Instructions for the task. Exclude pictures and give again exactly the lines of the listing, beginning with its first line and ending with the one that contains "高档中国象棋带可折叠实木棋盘棋子老人专用成人小学生大号送礼".

Collected material.
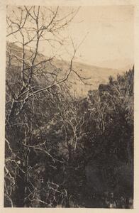 Depicts a view of the Greek landscape, near Olympia. Handwritten caption: “Above Anemochori”.
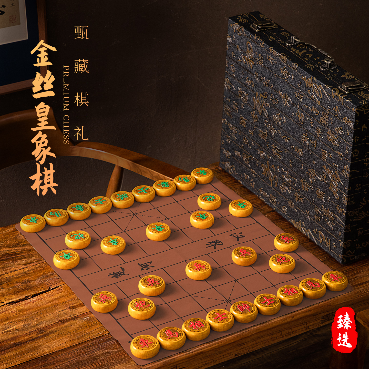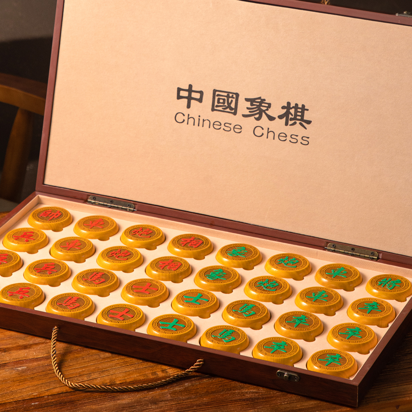 高档中国象棋带可折叠实木棋盘棋子老人专用成人小学生大号送礼
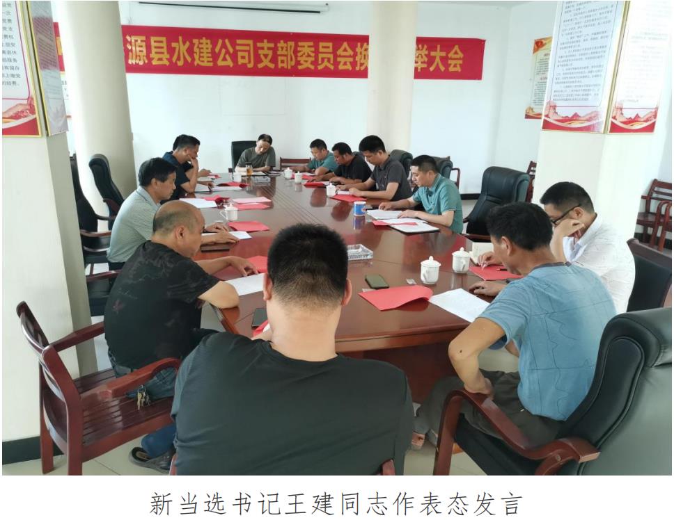 大會復會后,新當選的支部委員會書記王建同志作了表態(tài)發(fā)言,他說:在新的任期內,將不辜負全體黨員的信 任和期望,始終堅持以習近平新時代中國特色社會主義思 想為指導,在水利局黨組和局機關黨委的正確領導和指導 下,積極履行黨建工作“第一責任人”職責,團結帶領廣 大黨員干部,恪盡職守,以更高的熱情、更多的精力、更 強的工作力度做好公司的黨建工作,促進公司的各項工作 順利開展。
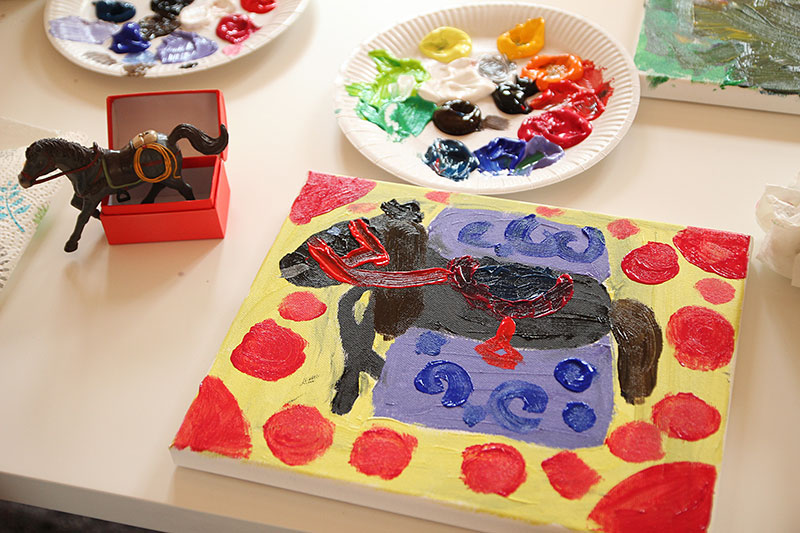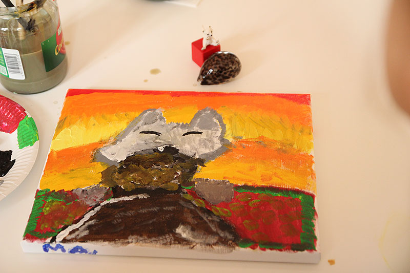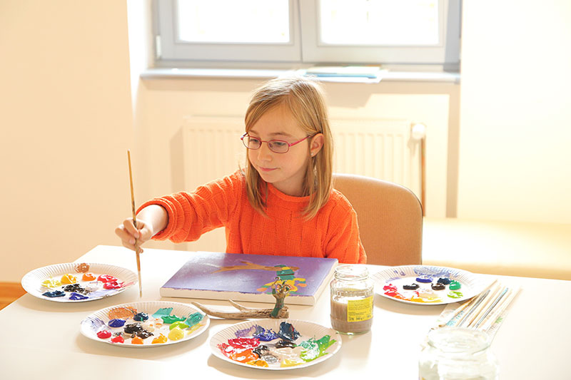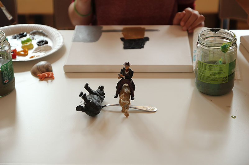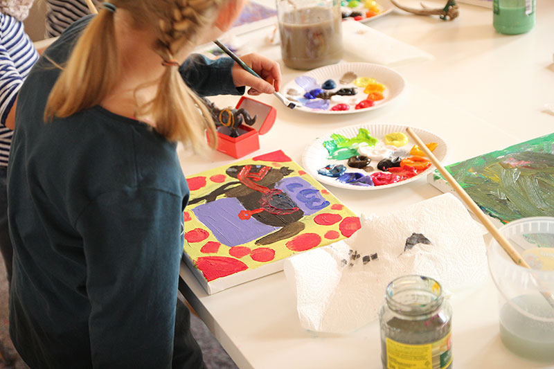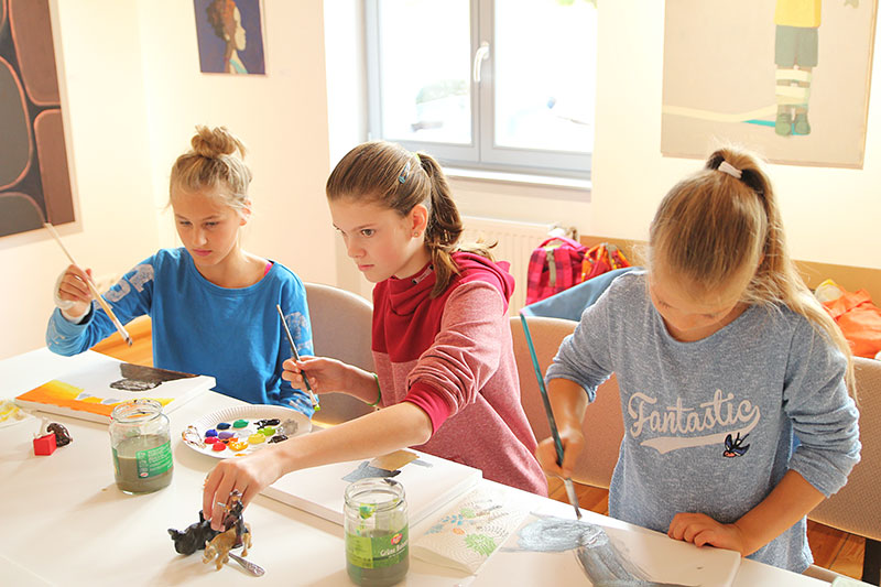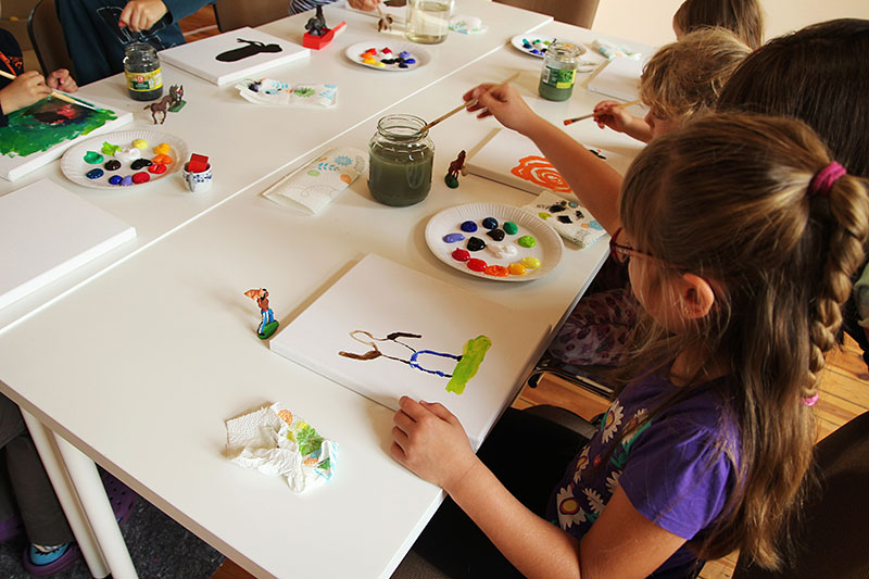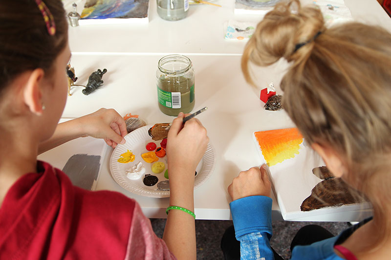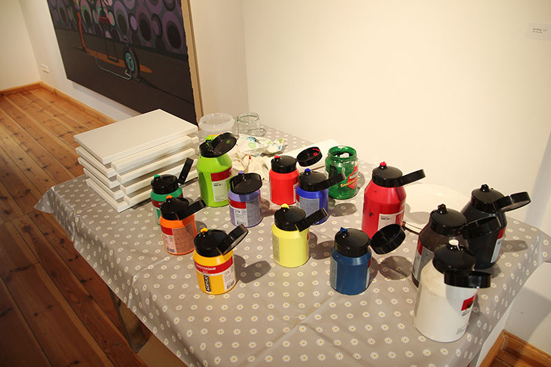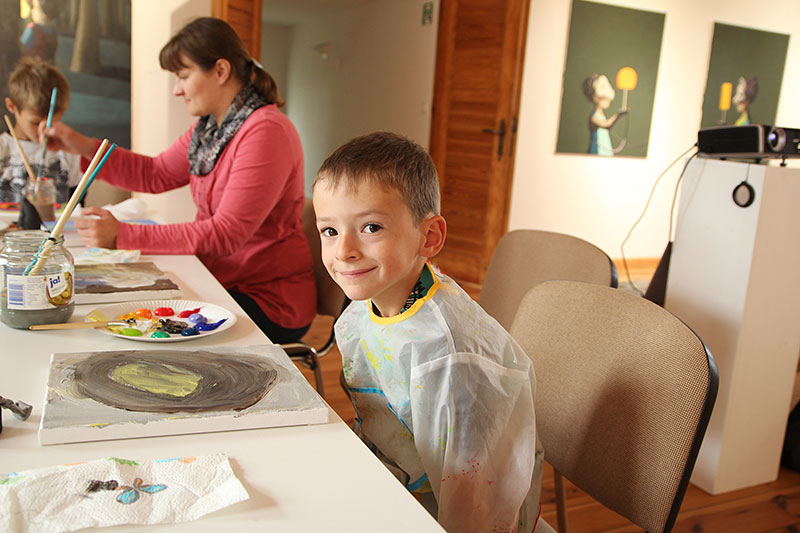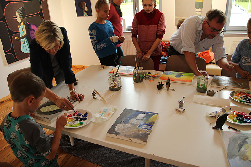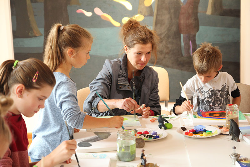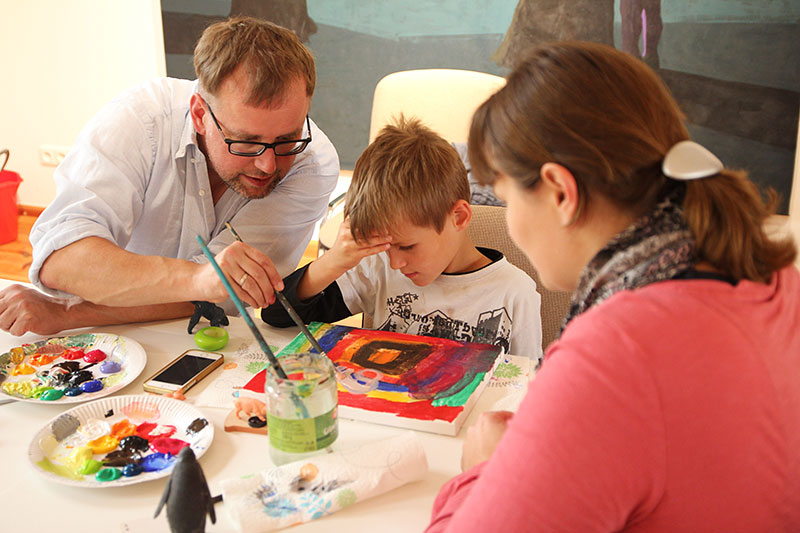 Interessierte Kinder, Jugendliche bzw. Junggebliebene waren herzlich eingeladen, mit dem Künstler über die Bilder seiner Ausstellung zu sprechen, Geheimnisse über Licht und Schatten und die Entwicklung der Bildmotive zu erfahren. Sie konnten selbst mit Pinsel und Farbe aktiv werden. Sven Ochsenreither brachte Leinwände, Acrylfarben und Pinsel mit. Um 14 Uhr sprach der Künstler in einem Vortrag über seine Arbeiten.

Exercise answer.
 Depicts a view of the Greek landscape, near Olympia. Handwritten caption: “Above Anemochori”.
 高档中国象棋带可折叠实木棋盘棋子老人专用成人小学生大号送礼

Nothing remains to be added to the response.